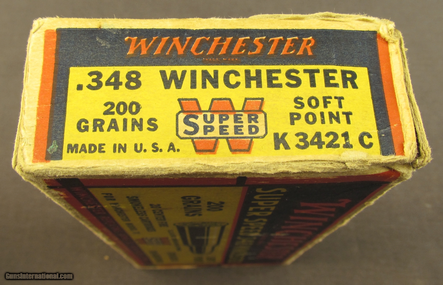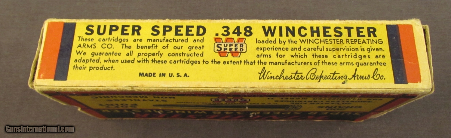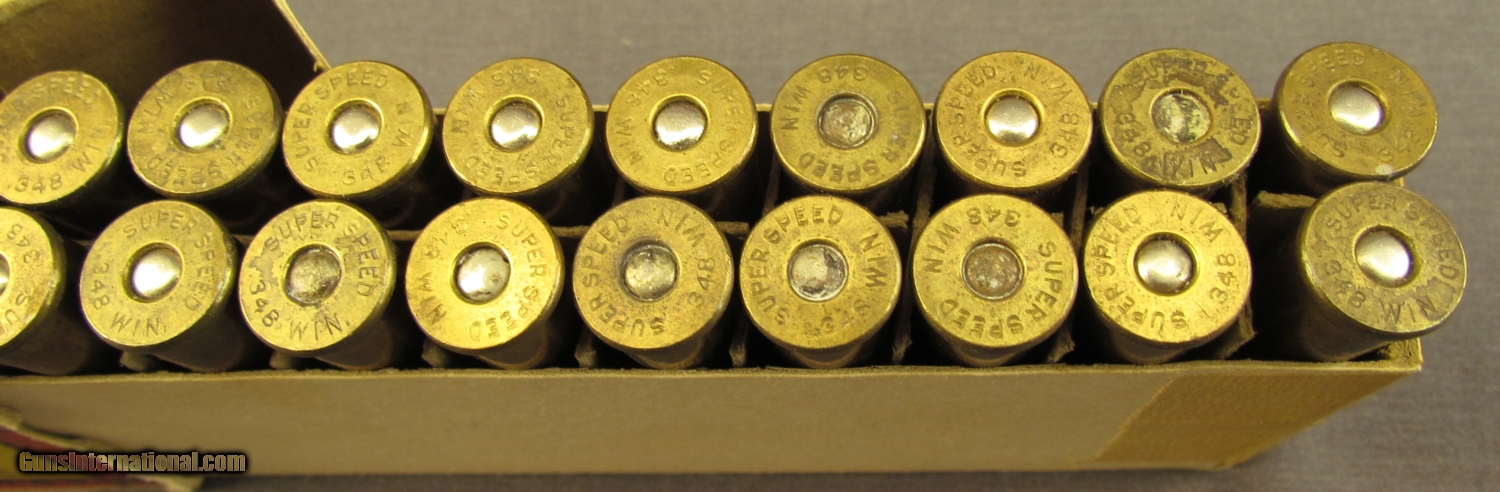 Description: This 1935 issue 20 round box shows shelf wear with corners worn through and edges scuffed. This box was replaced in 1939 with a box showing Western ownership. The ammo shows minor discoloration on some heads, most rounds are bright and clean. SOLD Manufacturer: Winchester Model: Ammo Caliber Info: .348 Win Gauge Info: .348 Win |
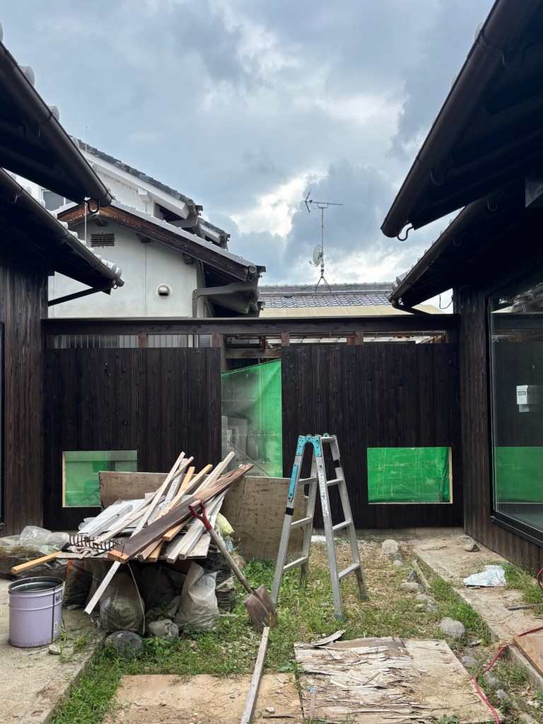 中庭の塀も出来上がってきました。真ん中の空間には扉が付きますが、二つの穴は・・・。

..........

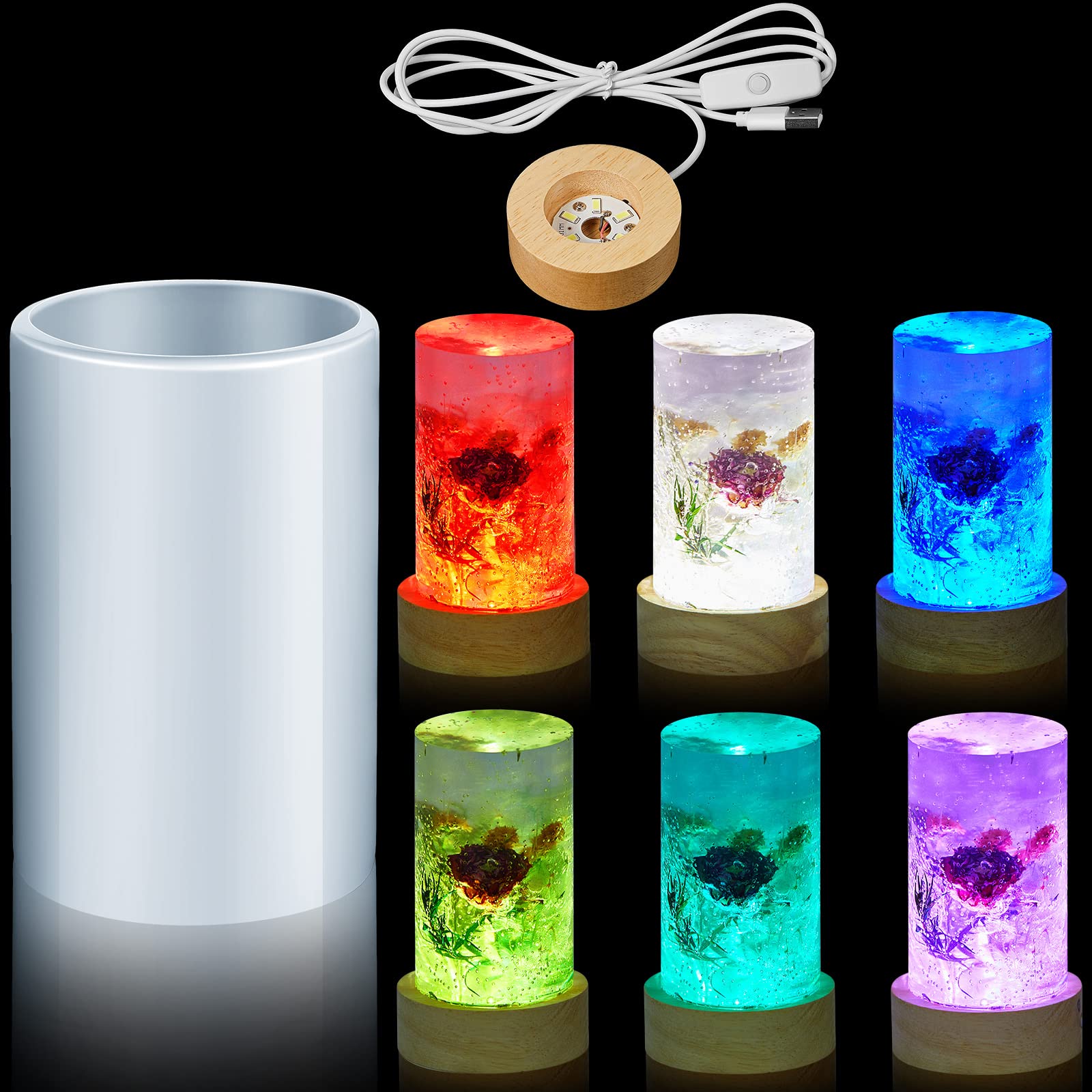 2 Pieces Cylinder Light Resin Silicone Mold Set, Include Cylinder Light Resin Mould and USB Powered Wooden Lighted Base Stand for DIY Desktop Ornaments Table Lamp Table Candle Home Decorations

..........

Reproduce word for word, with pictures dropped, only the part of the material above that opens with the line containing "Description: This 1935" and closes with the line containing "中庭の塀も出来上がってきまし".

 Description: This 1935 issue 20 round box shows shelf wear with corners worn through and edges scuffed. This box was replaced in 1939 with a box showing Western ownership. The ammo shows minor discoloration on some heads, most rounds are bright and clean. SOLD Manufacturer: Winchester Model: Ammo Caliber Info: .348 Win Gauge Info: .348 Win |
 中庭の塀も出来上がってきました。真ん中の空間には扉が付きますが、二つの穴は・・・。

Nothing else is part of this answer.